When you reach the line containing "Top en maille Vague bleu/rouge" in the data below, begin returning lines exactly as written, and stop once the line containing "우리는 관절 움직임(joint" has been returned.

** Opening Material shown block **

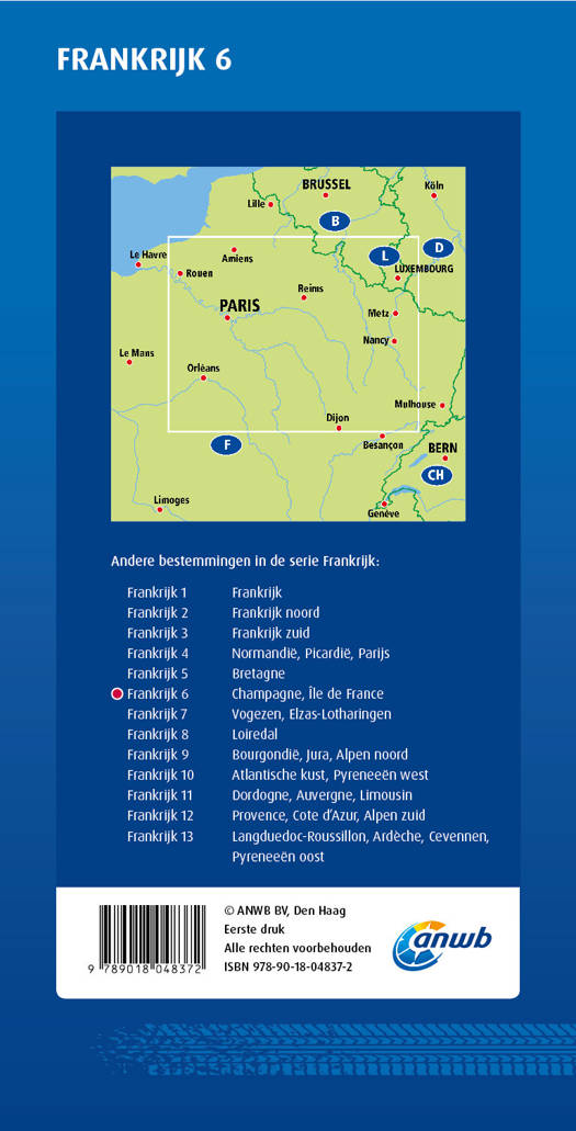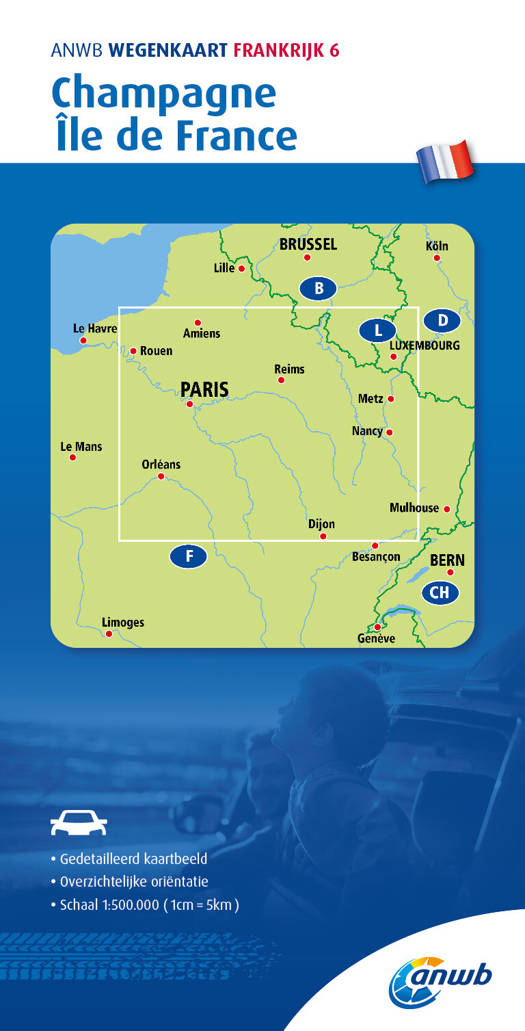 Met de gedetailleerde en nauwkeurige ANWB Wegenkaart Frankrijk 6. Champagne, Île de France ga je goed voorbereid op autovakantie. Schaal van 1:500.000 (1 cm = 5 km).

** Closing Material shown block **
** Opening Material shown block **

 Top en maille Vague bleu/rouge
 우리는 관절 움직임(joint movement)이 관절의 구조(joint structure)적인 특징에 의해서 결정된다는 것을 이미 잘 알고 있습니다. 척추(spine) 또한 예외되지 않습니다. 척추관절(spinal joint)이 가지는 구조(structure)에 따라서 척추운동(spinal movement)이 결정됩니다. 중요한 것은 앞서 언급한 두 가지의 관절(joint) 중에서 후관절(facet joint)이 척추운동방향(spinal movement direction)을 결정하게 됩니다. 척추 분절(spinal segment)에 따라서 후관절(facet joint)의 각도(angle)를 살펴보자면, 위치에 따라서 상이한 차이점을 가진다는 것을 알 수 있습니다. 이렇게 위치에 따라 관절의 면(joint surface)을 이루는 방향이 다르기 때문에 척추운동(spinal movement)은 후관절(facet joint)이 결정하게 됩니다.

** Closing Material shown block **

▶ **Your solution**:
 Top en maille Vague bleu/rouge
 우리는 관절 움직임(joint movement)이 관절의 구조(joint structure)적인 특징에 의해서 결정된다는 것을 이미 잘 알고 있습니다. 척추(spine) 또한 예외되지 않습니다. 척추관절(spinal joint)이 가지는 구조(structure)에 따라서 척추운동(spinal movement)이 결정됩니다. 중요한 것은 앞서 언급한 두 가지의 관절(joint) 중에서 후관절(facet joint)이 척추운동방향(spinal movement direction)을 결정하게 됩니다. 척추 분절(spinal segment)에 따라서 후관절(facet joint)의 각도(angle)를 살펴보자면, 위치에 따라서 상이한 차이점을 가진다는 것을 알 수 있습니다. 이렇게 위치에 따라 관절의 면(joint surface)을 이루는 방향이 다르기 때문에 척추운동(spinal movement)은 후관절(facet joint)이 결정하게 됩니다.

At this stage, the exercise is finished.